|Budget Amount *help
¥95,160,000 (Direct Cost : ¥73,200,000、Indirect Cost : ¥21,960,000)
Fiscal Year 2007 : ¥12,870,000 (Direct Cost : ¥9,900,000、Indirect Cost : ¥2,970,000)
Fiscal Year 2006 : ¥12,480,000 (Direct Cost : ¥9,600,000、Indirect Cost : ¥2,880,000)
Fiscal Year 2005 : ¥11,700,000 (Direct Cost : ¥9,000,000、Indirect Cost : ¥2,700,000)
Fiscal Year 2004 : ¥38,090,000 (Direct Cost : ¥29,300,000、Indirect Cost : ¥8,790,000)
Fiscal Year 2003 : ¥20,020,000 (Direct Cost : ¥15,400,000、Indirect Cost : ¥4,620,000)
(1) By utilizing genomic information, twenty four new triterpene synthase genes were cloned from higher plants, ferns and filamentous fungi. Their enzyme functions were identified by heterologous expression in yeast.
(2) As the products of these triterpene synthases, three new triterpenes with novel skeletons were identified.
(3) Lanosterol synthase genes were discovered for the first time from the plant kingdom and the presence of biosynthetic pathway of phytosterols via lanosterol was demonstrated.

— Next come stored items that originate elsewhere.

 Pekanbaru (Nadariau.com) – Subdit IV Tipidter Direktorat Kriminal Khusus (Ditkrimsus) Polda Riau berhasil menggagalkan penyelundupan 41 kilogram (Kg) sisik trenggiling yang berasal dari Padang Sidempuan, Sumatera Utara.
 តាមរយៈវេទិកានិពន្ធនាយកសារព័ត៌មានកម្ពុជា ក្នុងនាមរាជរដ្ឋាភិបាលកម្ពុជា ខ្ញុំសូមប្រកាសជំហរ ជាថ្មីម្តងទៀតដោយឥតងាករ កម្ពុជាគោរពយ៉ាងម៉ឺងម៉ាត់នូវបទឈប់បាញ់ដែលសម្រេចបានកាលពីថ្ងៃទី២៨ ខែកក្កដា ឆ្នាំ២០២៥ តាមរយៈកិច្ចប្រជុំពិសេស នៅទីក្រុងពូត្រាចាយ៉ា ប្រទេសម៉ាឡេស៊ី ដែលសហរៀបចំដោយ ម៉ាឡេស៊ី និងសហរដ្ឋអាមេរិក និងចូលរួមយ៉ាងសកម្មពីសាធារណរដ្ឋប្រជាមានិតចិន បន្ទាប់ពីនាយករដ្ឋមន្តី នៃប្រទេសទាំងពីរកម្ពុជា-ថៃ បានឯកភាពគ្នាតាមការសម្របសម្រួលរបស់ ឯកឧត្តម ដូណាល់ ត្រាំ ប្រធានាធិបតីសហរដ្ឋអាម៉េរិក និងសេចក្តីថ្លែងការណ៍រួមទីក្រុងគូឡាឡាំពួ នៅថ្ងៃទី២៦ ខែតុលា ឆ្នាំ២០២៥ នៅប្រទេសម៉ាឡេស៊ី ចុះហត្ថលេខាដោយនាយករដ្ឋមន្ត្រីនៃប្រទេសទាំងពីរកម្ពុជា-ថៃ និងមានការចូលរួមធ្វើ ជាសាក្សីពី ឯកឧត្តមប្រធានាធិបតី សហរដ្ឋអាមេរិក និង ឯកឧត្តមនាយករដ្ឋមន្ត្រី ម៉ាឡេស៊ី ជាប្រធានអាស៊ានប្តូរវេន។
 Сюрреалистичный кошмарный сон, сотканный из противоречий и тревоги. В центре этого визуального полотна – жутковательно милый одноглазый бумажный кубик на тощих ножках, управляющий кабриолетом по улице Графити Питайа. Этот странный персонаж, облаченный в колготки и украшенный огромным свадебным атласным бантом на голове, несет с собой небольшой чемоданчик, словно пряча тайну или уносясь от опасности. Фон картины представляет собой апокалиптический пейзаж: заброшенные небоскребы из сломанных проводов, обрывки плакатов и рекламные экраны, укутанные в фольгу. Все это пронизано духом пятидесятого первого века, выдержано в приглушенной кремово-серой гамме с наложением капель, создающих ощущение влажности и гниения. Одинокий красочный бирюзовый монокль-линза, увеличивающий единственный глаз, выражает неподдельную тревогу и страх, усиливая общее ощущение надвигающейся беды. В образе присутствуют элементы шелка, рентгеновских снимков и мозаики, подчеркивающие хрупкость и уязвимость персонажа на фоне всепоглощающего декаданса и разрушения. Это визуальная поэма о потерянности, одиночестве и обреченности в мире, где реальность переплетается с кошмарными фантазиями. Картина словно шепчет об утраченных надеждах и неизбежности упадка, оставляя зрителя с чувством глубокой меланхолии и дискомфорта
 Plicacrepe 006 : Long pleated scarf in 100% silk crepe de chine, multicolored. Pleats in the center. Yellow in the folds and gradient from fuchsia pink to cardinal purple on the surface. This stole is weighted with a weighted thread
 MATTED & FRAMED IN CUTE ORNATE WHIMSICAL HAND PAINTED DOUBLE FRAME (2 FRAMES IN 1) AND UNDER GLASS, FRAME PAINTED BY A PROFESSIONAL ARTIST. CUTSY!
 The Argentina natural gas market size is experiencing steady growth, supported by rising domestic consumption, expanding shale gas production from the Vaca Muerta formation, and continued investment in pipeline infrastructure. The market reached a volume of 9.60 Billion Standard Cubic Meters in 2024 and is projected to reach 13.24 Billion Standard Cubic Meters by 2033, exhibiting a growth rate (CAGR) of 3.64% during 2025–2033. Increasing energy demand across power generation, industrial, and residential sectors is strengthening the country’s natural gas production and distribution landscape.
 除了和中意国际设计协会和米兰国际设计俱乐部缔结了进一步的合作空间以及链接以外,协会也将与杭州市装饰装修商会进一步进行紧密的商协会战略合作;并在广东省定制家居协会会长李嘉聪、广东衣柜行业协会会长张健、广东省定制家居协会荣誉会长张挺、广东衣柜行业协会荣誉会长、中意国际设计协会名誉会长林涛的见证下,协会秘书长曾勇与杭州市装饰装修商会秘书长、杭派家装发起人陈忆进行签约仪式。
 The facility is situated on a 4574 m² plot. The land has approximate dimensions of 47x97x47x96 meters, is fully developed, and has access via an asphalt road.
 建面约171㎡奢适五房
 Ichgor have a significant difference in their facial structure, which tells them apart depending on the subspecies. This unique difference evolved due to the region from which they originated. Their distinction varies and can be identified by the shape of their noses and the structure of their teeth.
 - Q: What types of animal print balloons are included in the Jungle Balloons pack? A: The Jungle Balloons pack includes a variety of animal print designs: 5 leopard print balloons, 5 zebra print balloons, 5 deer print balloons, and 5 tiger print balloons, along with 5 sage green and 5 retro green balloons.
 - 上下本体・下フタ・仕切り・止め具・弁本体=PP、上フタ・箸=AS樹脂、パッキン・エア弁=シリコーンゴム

(4) By reacting triterpene synthases with non-physiological substrates and synthetic substrate analogues, five new polyprenoids were obtained
(5) Each three novel oxidases and sugartransferases were cloned and their functions identified as the triterpene modifying enzymes.
(6) Eleven new iterative polyketide synthase (i-PKS) genes were cloned from filamentous fungi. Their enzyme functions were identified by expression in a heterologous fungal strain.
(7) Six new polyketide compounds with unique structures were identified as the products of these i-PKSs.
(8) Four Type-III i-PKS genes were identified in the genome of Asp. oryzae and one of them was demonstrated to encode an orsellinic acid synthase.
(9) As the higher structure for Type-I i-PKSs, a novel homo-tetramer model was proposed.
(10) As the novel polyketide modifying enzymes, a chain-shortening enzyme, a dehydratase, an oxidase with cycloaddition activity and two prenyltrasferase were cloned and their enzyme functions identified.